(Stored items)
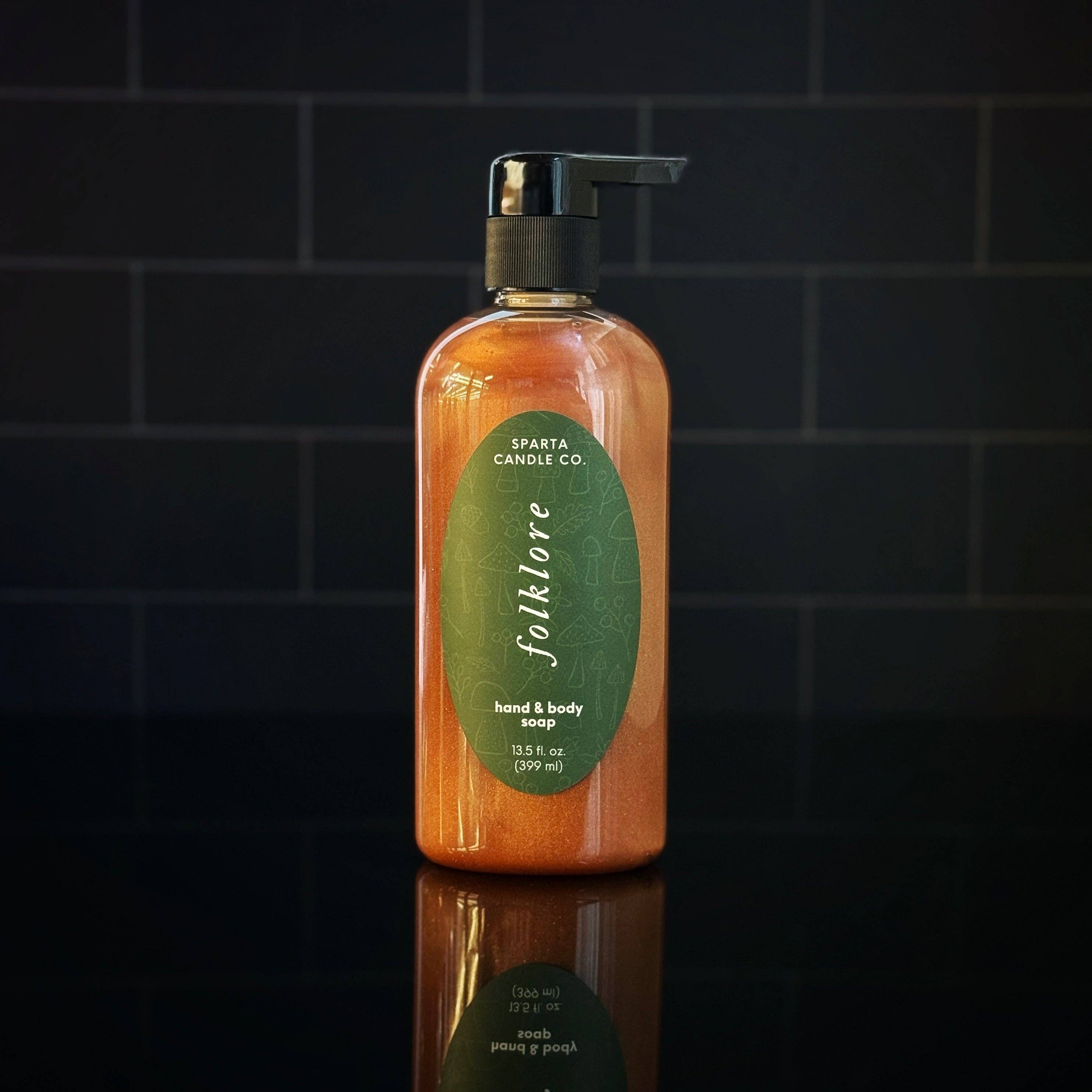 sage - lavender - oakmoss Experience the beauty of our soap in liquid form. This soap is thick, luxurious, shimmery, and builds into the most luscious lather. Use it as hand or body soap - the choice is yours! * Plant-Based * Cruelty-Free * Handcrafted in small batches * Free from parabens, phthalates, & artificial preservatives * Bottle made from recycled plastic * 13.5 fl. oz. (399ml) Ingredients: Purified Water, Coconut Oil, Olive Oil, Oleic Acid, Potassium Hydroxide (for saponification), Glycerin, PEG-150 Pentaerythrityl Tetrastearate & PEG-6 Caprylic/Capric Glycerides, Sodium Laureth-4, Glycol Stearate, Fragrance, Mica (colorant).
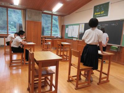 始業式では校長先生から、休業中の豪雨による近隣の被害状況や、普段穏やかな手取川が急変したことから自然の恵みと危険について、また金沢出身の力士である炎鵬が、相撲界一小さい体であるというハンデを乗り越えて活躍していることから、白嶺小中学校の児童生徒も、2学期の学習や行事や大会で、苦手なことであっても挑戦してみて、自信や成長につなげていきましょうとお話ししています。
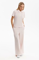 Брюки из мягкого двухцветного футера. Внутренняя сторона изделия представлена в натуральном цвете хлопка, внешняя в нежно-розовом. За счет использования крашенной пряжи, данный вид полотна прошел минимальную обработку, что придало изделию мягкость и шелковистость.
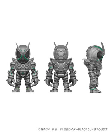 フィギュアアーティストTOUMAデザインによるフィギュア「仮面ライダーBLACK SUN」「仮面ライダーSHADOWMOON」。TOUMAの特徴でもあるディフォルメで手の末端が大きくなったかわいい形状に落とし込みつつ、2人のライダーの良さを損なわないように、細かなディテールをしっかりと残してデザインされています。
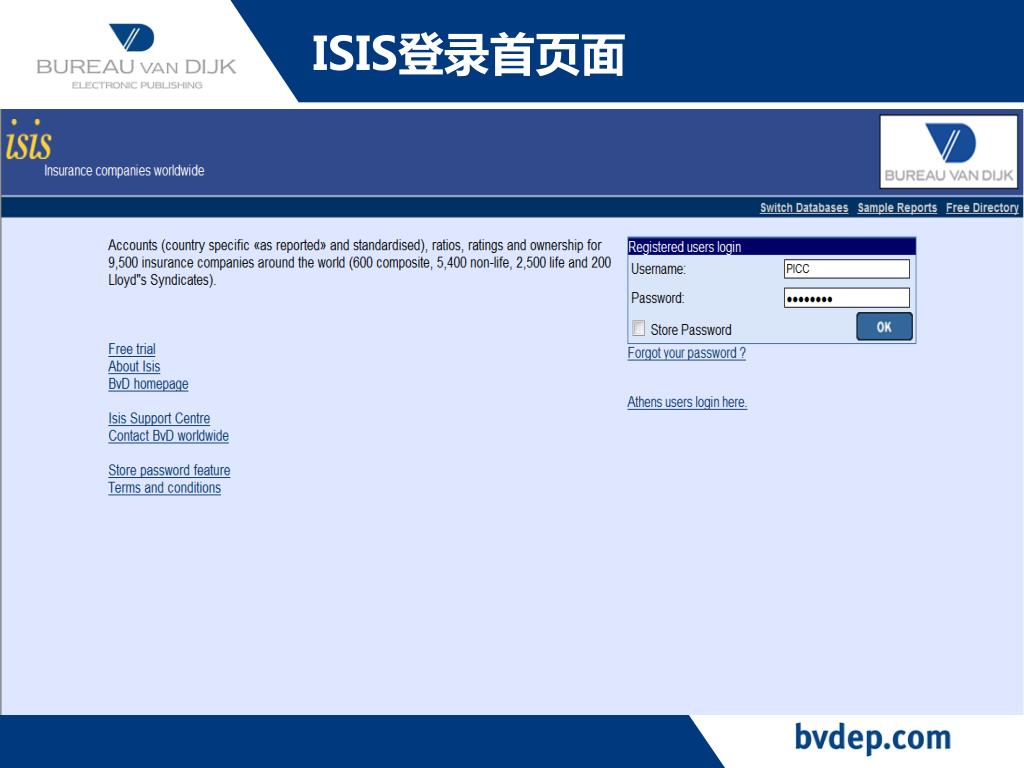 ISIS使用示例 • 题目:中国保险行业分析 • 通过帐号密码登录的网址:https://isis.bvdep.com • 通过IP地址登录的网址:https://isis.bvdep.com/ip
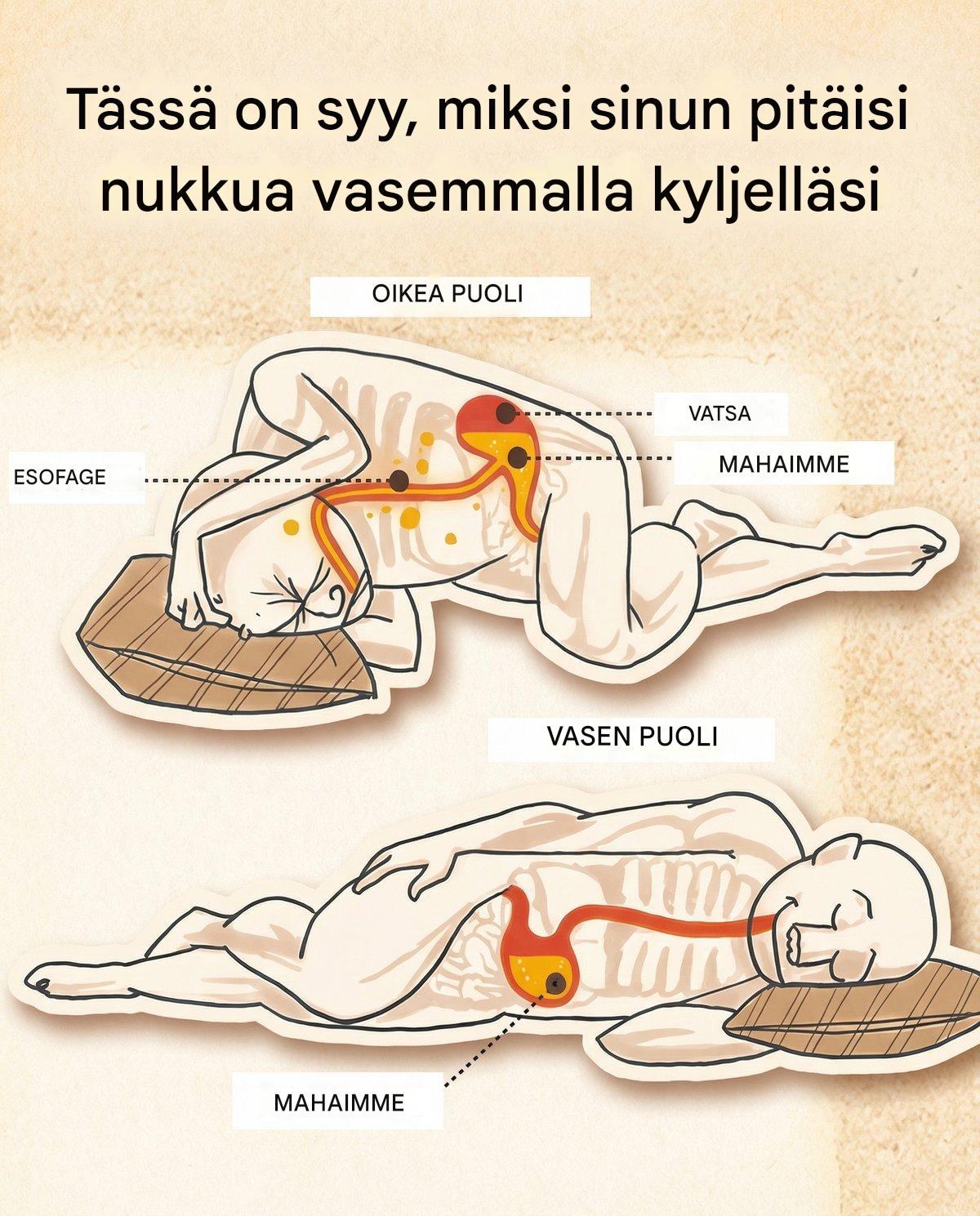 Oikealla kyljellä nukkuminen todennäköisesti pahentaa ruoansulatusongelmia, kun taas vasemmalla kyljellä nukkuminen voi parantaa ruoansulatusongelmia.

- _Activity_: Exactly the lines from the one containing "Брюки из мягкого" through the end of the data above: repeat those, both ends included, and nothing else. Skip the pictures.

- _Answer to this task_:
 Брюки из мягкого двухцветного футера. Внутренняя сторона изделия представлена в натуральном цвете хлопка, внешняя в нежно-розовом. За счет использования крашенной пряжи, данный вид полотна прошел минимальную обработку, что придало изделию мягкость и шелковистость.
 フィギュアアーティストTOUMAデザインによるフィギュア「仮面ライダーBLACK SUN」「仮面ライダーSHADOWMOON」。TOUMAの特徴でもあるディフォルメで手の末端が大きくなったかわいい形状に落とし込みつつ、2人のライダーの良さを損なわないように、細かなディテールをしっかりと残してデザインされています。
 ISIS使用示例 • 题目:中国保险行业分析 • 通过帐号密码登录的网址:https://isis.bvdep.com • 通过IP地址登录的网址:https://isis.bvdep.com/ip
 Oikealla kyljellä nukkuminen todennäköisesti pahentaa ruoansulatusongelmia, kun taas vasemmalla kyljellä nukkuminen voi parantaa ruoansulatusongelmia.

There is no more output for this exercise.